→ Dataset:
--

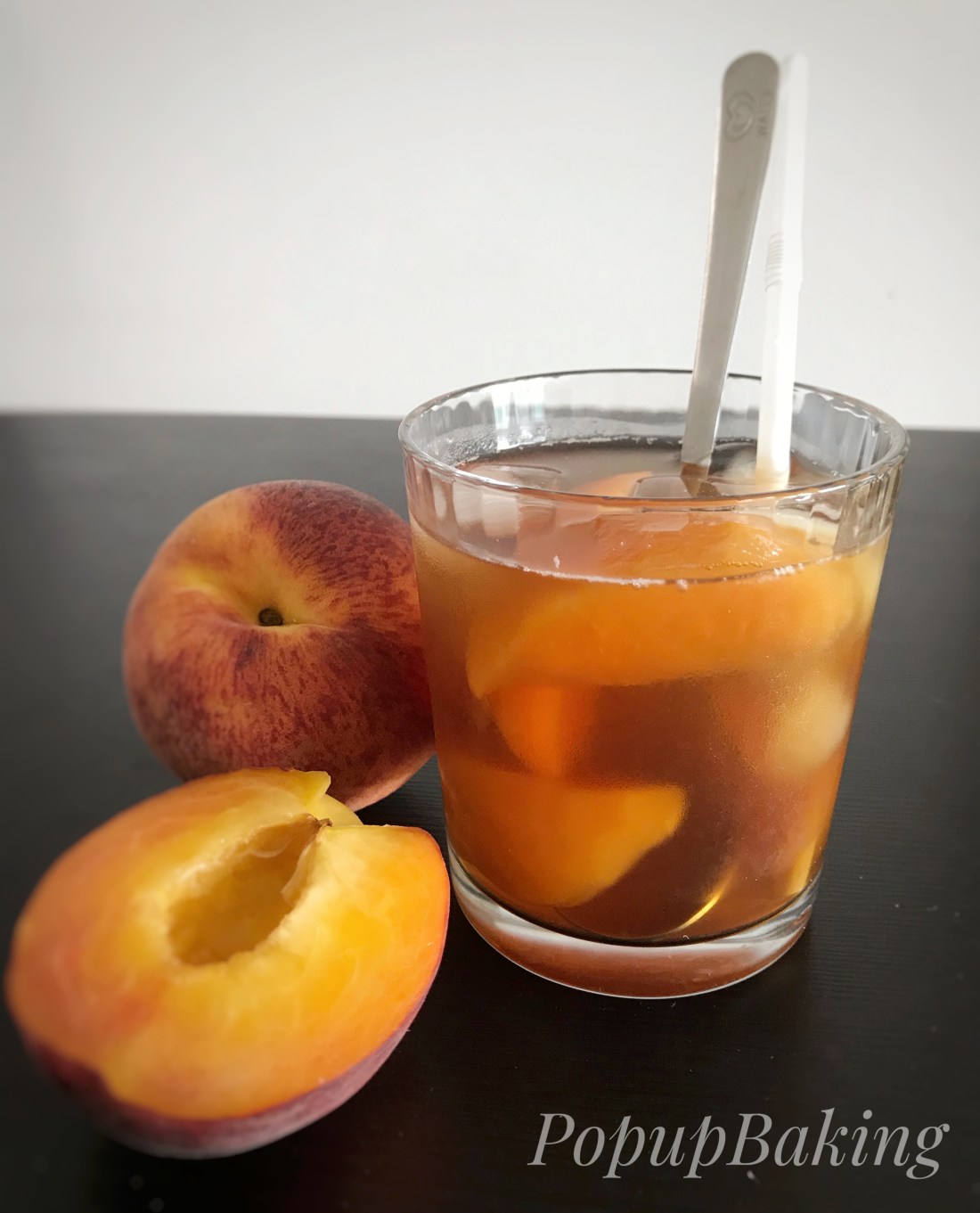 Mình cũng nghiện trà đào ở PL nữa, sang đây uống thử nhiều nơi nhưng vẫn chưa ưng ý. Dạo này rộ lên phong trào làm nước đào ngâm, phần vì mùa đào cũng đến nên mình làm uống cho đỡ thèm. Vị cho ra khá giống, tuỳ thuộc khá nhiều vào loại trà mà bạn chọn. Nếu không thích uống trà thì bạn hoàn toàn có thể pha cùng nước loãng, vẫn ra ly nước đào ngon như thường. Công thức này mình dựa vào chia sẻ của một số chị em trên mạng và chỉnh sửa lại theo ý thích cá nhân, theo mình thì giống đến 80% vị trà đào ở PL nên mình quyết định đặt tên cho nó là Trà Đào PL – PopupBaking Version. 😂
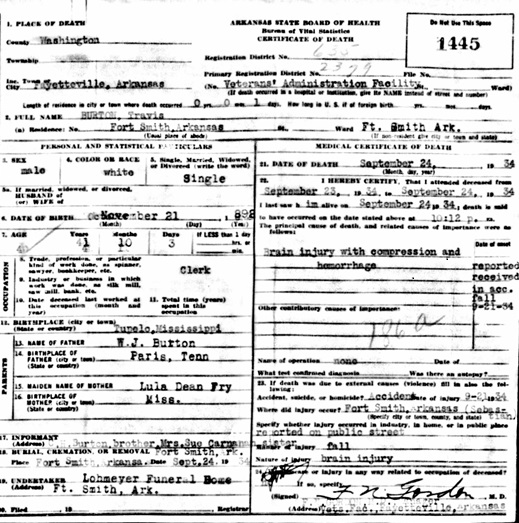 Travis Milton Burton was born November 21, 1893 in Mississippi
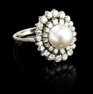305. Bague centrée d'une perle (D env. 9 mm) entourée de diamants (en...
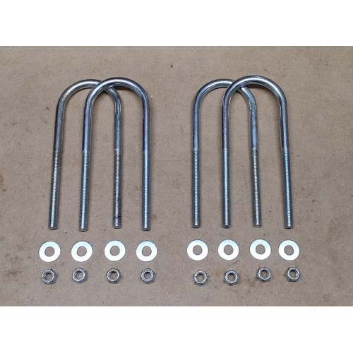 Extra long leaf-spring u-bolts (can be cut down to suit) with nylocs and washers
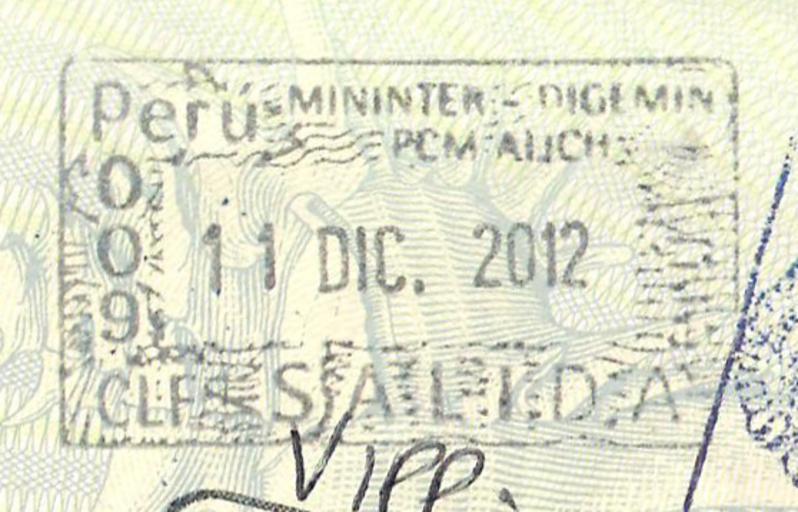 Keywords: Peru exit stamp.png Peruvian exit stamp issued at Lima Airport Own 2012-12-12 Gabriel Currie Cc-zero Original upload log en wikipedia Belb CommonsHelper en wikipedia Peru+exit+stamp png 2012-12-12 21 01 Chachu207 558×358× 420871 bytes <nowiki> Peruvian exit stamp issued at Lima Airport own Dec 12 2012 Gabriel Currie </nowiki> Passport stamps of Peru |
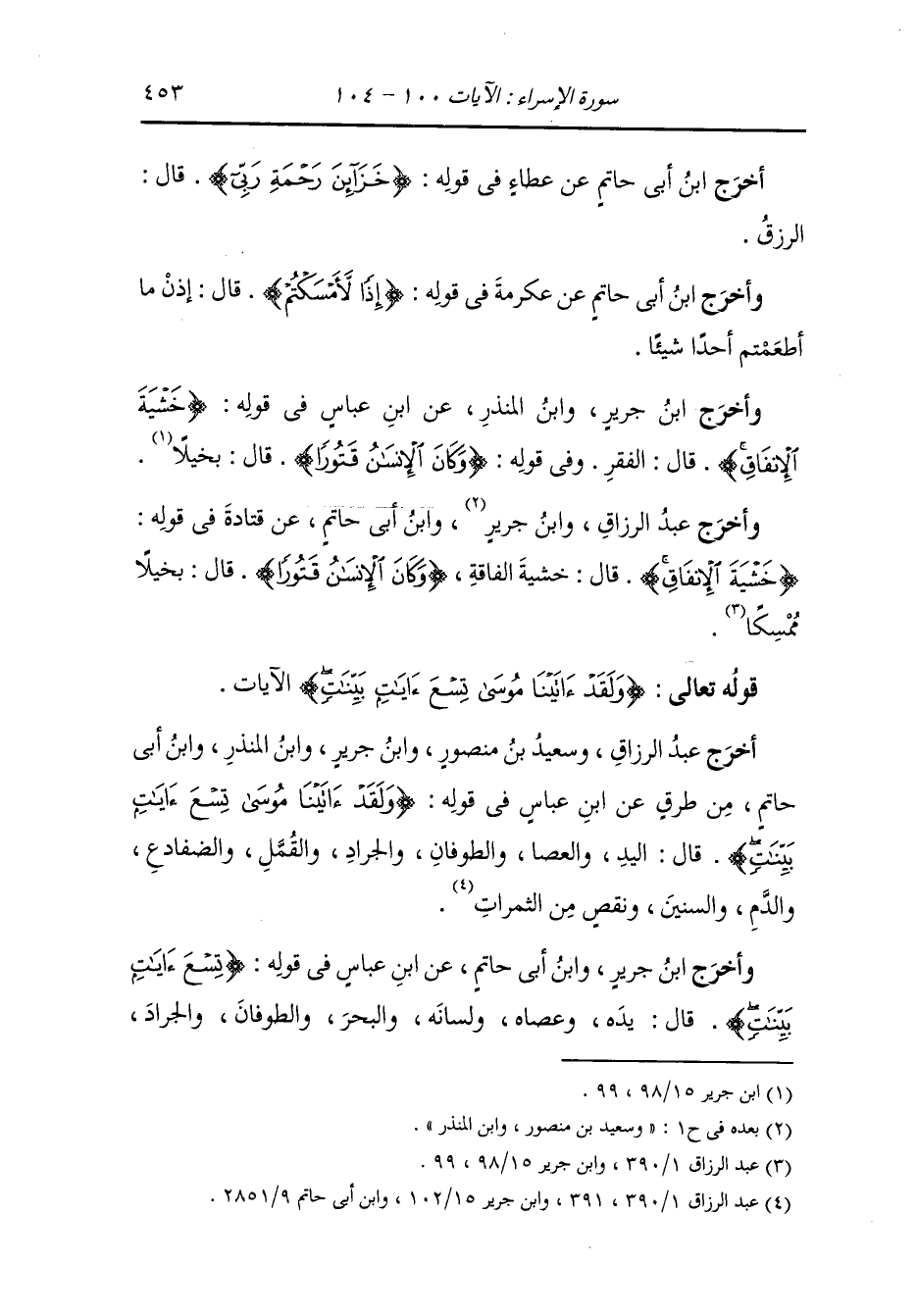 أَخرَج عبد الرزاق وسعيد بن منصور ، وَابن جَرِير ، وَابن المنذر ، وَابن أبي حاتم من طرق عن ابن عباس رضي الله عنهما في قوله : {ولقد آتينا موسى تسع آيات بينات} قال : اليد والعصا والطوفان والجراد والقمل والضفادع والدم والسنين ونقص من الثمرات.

--

→ Try it:
The answer is to be the lines of the listing from the first through the one with "305. Bague centrée", reproduced exactly, without any pictures.

→ Answer space:
 Mình cũng nghiện trà đào ở PL nữa, sang đây uống thử nhiều nơi nhưng vẫn chưa ưng ý. Dạo này rộ lên phong trào làm nước đào ngâm, phần vì mùa đào cũng đến nên mình làm uống cho đỡ thèm. Vị cho ra khá giống, tuỳ thuộc khá nhiều vào loại trà mà bạn chọn. Nếu không thích uống trà thì bạn hoàn toàn có thể pha cùng nước loãng, vẫn ra ly nước đào ngon như thường. Công thức này mình dựa vào chia sẻ của một số chị em trên mạng và chỉnh sửa lại theo ý thích cá nhân, theo mình thì giống đến 80% vị trà đào ở PL nên mình quyết định đặt tên cho nó là Trà Đào PL – PopupBaking Version. 😂
 Travis Milton Burton was born November 21, 1893 in Mississippi
305. Bague centrée d'une perle (D env. 9 mm) entourée de diamants (en...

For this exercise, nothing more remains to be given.